What to work on: Any picture in the records below stays out; return everything else exactly.

[Extracted material Boundary: Start]

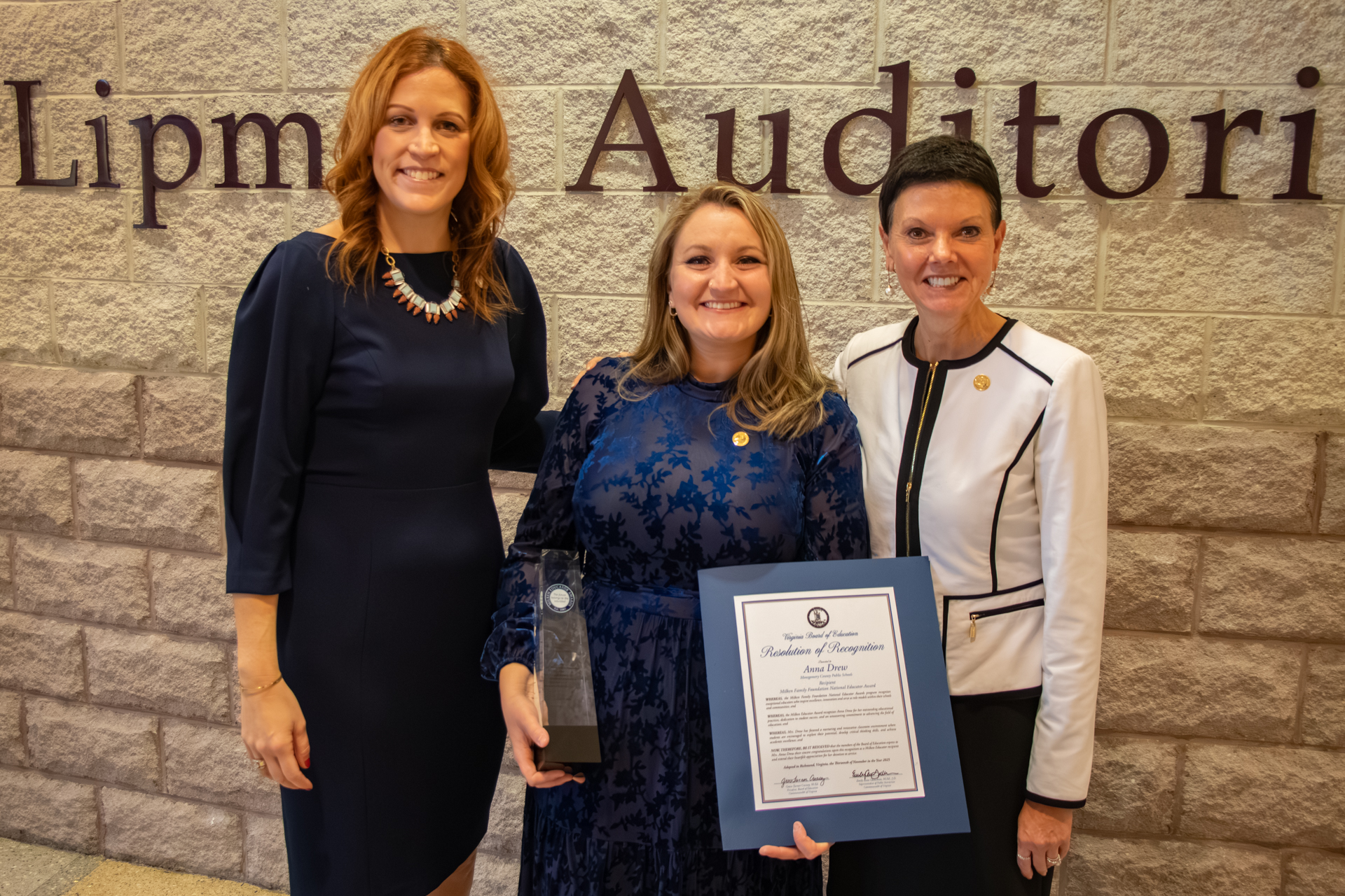 From left: Virginia Superintendent of Public Instruction Emily Anne Gullickson, Anna Drew (VA '24), Stephanie Bishop (VA '01).
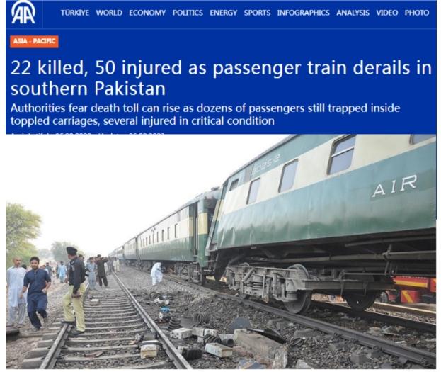 據(jù)報道,一名巴基斯坦南部信德省官員稱,當(dāng)天,從卡拉奇開往哈維連的一列客運(yùn)火車在信德省桑克爾地區(qū)附近脫軌,有至少10節(jié)車廂沖出軌道。
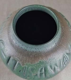 Glaze: Green drip semi-matte glaze with tan overtones at top and black undertones in green glazing. A touch of blue at the rim.
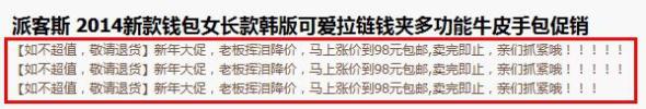 它的作用是輔助主標(biāo)題,用更完善的文字來對(duì)商品的性價(jià)比或當(dāng)前的促銷力度做描述。副標(biāo)題要將商品的賣點(diǎn)放大,材質(zhì)、價(jià)格、發(fā)貨速度等都可以結(jié)合來做;也可加入“15分鐘內(nèi)付款即有豪禮相贈(zèng)”等字樣,來刺激買家積極下單付款。
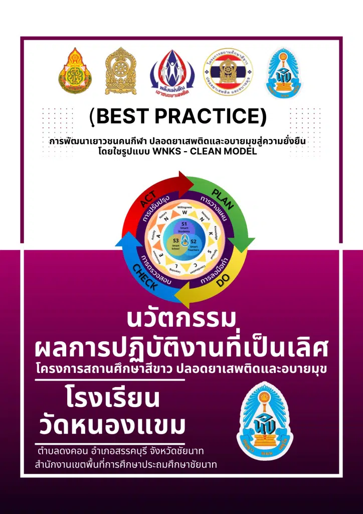 เผยแพร่นวัตกรรม Best Practice เรื่อง การพัฒนาเยาวชนคนกีฬา ปลอดยาเสพติดและอบายมุข สู่ความยั่งยืน โดยใช้รูปแบบ WNKS-CLEAN MODEL ของโรงเรียนวัดหนองแขม สำนักงานเขตพื้นที่การศึกษาประถมศึกษาชัยนาท ในโครงการสถานศึกษาสีขาว ปลอดยาเสพติดและอบายมุข เพื่อเป็นแนวทางในการช่วยกันป้องกัน แก้ไขปัญหายาเสพติดของเยาวชน และประเทศชาติต่อไป
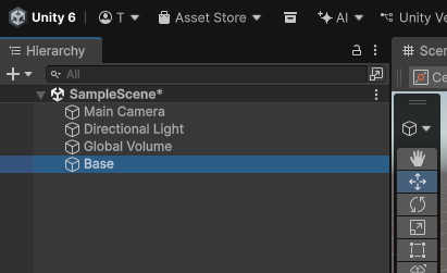 作成するとオブジェクト名を変更できるようになりますので、オブジェクト名をBaseに変更します。
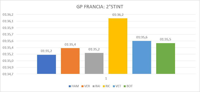 Se analizziamo il passo del 1°stint possiamo notare la netta superiorità di Hamilton sulla RedBull nonostante che il pilota inglese abbia pensato soprattutto a gestire più che a spingere sull'acceleratore. Le due RedBull e Raikkonen hanno girato sullo stesso ritmo mentre Vettel e Bottas, impegnati a rimontare con una gomma meno prestazionale, la Soft, hanno avuto un ritmo superiore a quello di Hamilton.
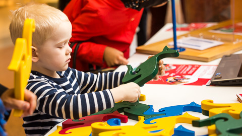 Viisivuotias Emil Siistonen rakensi M. C. Escherin kuvia jäljittelevää kengurupalapelia Elämysten matematiikka -näyttelyn pisteellä.
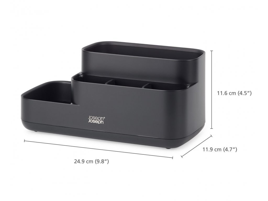 Koupelnový stojánek JOSEPH JOSEPH EasyStore Caddy 70600 je rozdělený na několik sekcí různé velikosti a hloubky. Poskytuje prostor pro nůžky, hřebeny, kartáče, holicí strojky, deodoranty, make up atd. Velikost: 11,6 x 24,9 x 11,9 cm (VxŠxH).
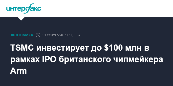 Москва. 13 сентября. INTERFAX.RU - Тайваньский производитель микросхем на заказ Taiwan Semiconductor Manufacturing Company планирует инвестировать до $100 млн в рамках IPO британского чипмейкера Arm Holdings. Это решение утвердил совет директоров TSMC, говорится в сообщении компании.
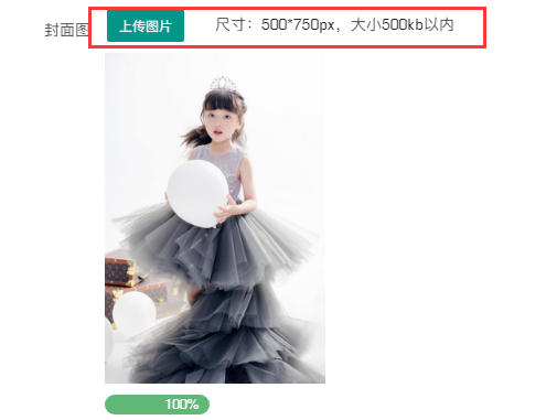 封面图 点击“上传图片” **即可上传封面图片 尺寸:500x750 像素 (宽x高) 图片大小≤500KB

[Extracted material Boundary: End]

Your response:
 From left: Virginia Superintendent of Public Instruction Emily Anne Gullickson, Anna Drew (VA '24), Stephanie Bishop (VA '01).
 據(jù)報道,一名巴基斯坦南部信德省官員稱,當(dāng)天,從卡拉奇開往哈維連的一列客運(yùn)火車在信德省桑克爾地區(qū)附近脫軌,有至少10節(jié)車廂沖出軌道。
 Glaze: Green drip semi-matte glaze with tan overtones at top and black undertones in green glazing. A touch of blue at the rim.
 它的作用是輔助主標(biāo)題,用更完善的文字來對(duì)商品的性價(jià)比或當(dāng)前的促銷力度做描述。副標(biāo)題要將商品的賣點(diǎn)放大,材質(zhì)、價(jià)格、發(fā)貨速度等都可以結(jié)合來做;也可加入“15分鐘內(nèi)付款即有豪禮相贈(zèng)”等字樣,來刺激買家積極下單付款。
 เผยแพร่นวัตกรรม Best Practice เรื่อง การพัฒนาเยาวชนคนกีฬา ปลอดยาเสพติดและอบายมุข สู่ความยั่งยืน โดยใช้รูปแบบ WNKS-CLEAN MODEL ของโรงเรียนวัดหนองแขม สำนักงานเขตพื้นที่การศึกษาประถมศึกษาชัยนาท ในโครงการสถานศึกษาสีขาว ปลอดยาเสพติดและอบายมุข เพื่อเป็นแนวทางในการช่วยกันป้องกัน แก้ไขปัญหายาเสพติดของเยาวชน และประเทศชาติต่อไป
 作成するとオブジェクト名を変更できるようになりますので、オブジェクト名をBaseに変更します。
 Se analizziamo il passo del 1°stint possiamo notare la netta superiorità di Hamilton sulla RedBull nonostante che il pilota inglese abbia pensato soprattutto a gestire più che a spingere sull'acceleratore. Le due RedBull e Raikkonen hanno girato sullo stesso ritmo mentre Vettel e Bottas, impegnati a rimontare con una gomma meno prestazionale, la Soft, hanno avuto un ritmo superiore a quello di Hamilton.
 Viisivuotias Emil Siistonen rakensi M. C. Escherin kuvia jäljittelevää kengurupalapelia Elämysten matematiikka -näyttelyn pisteellä.
 Koupelnový stojánek JOSEPH JOSEPH EasyStore Caddy 70600 je rozdělený na několik sekcí různé velikosti a hloubky. Poskytuje prostor pro nůžky, hřebeny, kartáče, holicí strojky, deodoranty, make up atd. Velikost: 11,6 x 24,9 x 11,9 cm (VxŠxH).
 Москва. 13 сентября. INTERFAX.RU - Тайваньский производитель микросхем на заказ Taiwan Semiconductor Manufacturing Company планирует инвестировать до $100 млн в рамках IPO британского чипмейкера Arm Holdings. Это решение утвердил совет директоров TSMC, говорится в сообщении компании.
 封面图 点击“上传图片” **即可上传封面图片 尺寸:500x750 像素 (宽x高) 图片大小≤500KB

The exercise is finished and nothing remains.